Part of the confusion in the terminology stems from the fact, I believe, that in traditional relational database management systems, your physical model and your schema were tied at the hip. It would be extremely weird to have one without the other. In fact, in relational data modeling, your schema would literally be the output of your physical modeling and would therefore be a different representation of the same thing. The physical model would be human readable, and the schema would be machine readable. That all changed with NOSQL database management systems (document databases like MongoDB or graph databases like Neo4j), where you could have “the data be the model”, and where the enforcement of the model would be completely optional and usually not even considered before one would take the system into production.
These databases would be called “schemaless” for this reason. But the reality was even worse: in many cases people thought that they could not just do without a schema – but that they actually could do without the model. This, I believe, has been a grave mistake in our industry – and has led to a host of issues in the adoption of NOSQL. Let’s explore why that is.

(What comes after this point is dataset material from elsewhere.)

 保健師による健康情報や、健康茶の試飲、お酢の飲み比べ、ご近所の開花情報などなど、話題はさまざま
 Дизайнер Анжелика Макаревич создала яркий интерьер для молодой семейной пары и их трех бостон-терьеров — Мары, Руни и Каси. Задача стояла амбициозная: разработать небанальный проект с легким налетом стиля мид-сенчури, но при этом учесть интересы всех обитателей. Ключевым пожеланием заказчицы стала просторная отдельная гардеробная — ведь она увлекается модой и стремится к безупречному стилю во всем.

Schema vs. Model: the underlying conversation between IT & BusinessIn many ways, you could think of the different types of (conceptual>logical> physical) model(s) as the representation of the conversation between Business and IT: as you refine the concepts and translate them into logical and physical designs, the IT professionals will be learning more about the business ideas required for the application in an interactive and collaborative conversation. This conversation has been somewhat of a struggle for decades I remember my friend Peter Hinssen writing a great book about it in 2009 - and the topic is still very much top of mind!

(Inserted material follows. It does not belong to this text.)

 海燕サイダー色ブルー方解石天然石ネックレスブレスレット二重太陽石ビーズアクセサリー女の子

Similar to the fact that models represent a conversation between business and IT, you could argue the degree to which we have more or less schema in our NOSQL data stores is also representative of the interaction between IT and its systems. In some cases, our technical staff will allow for the data stores to have very little schema enforcement (eg. at the start of an agile development project, when we do not know many details of the domain yet), and in some cases they will actually be super strict about schema enforcement (eg. when a mission critical application is about to go into production).
Let’s combine these two ideas: we can either have more or less modeling – and we can have more or less schema. If we think of this as a set of four quadrants, we can see four possibilities:
- We don’t model, and we don’t enforce schema: this means that anarchy rules.

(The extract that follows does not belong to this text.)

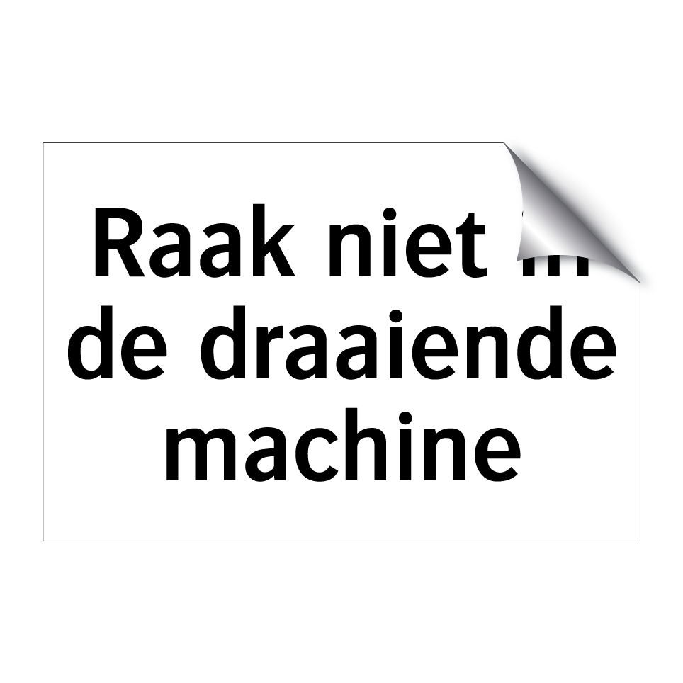 Verbodsbord met de tekst Raak niet in de draaiende machine

- We model, but we don’t enforce schema: this means that that data integrity and consistency challenges will automagically appear. Hope is our strategy.
- We don’t model, but we do enforce schema: which means that we skip the entire modeling conversation, don’t think of the schema as the logical output of the modeling conversation and just go straight to the schema development, assuming that we already know everything about the domain, don’t need a thorough conversation with the users, and will enforce some form of formalized contract (the schema) at our will and choice. Pretty arrogant, no?
- We model, and we enforce schema: we know that from our legacy in 40 years of building relational systems. There are downsides to this approach as well of course – specifically around maintaining agility in our development processes.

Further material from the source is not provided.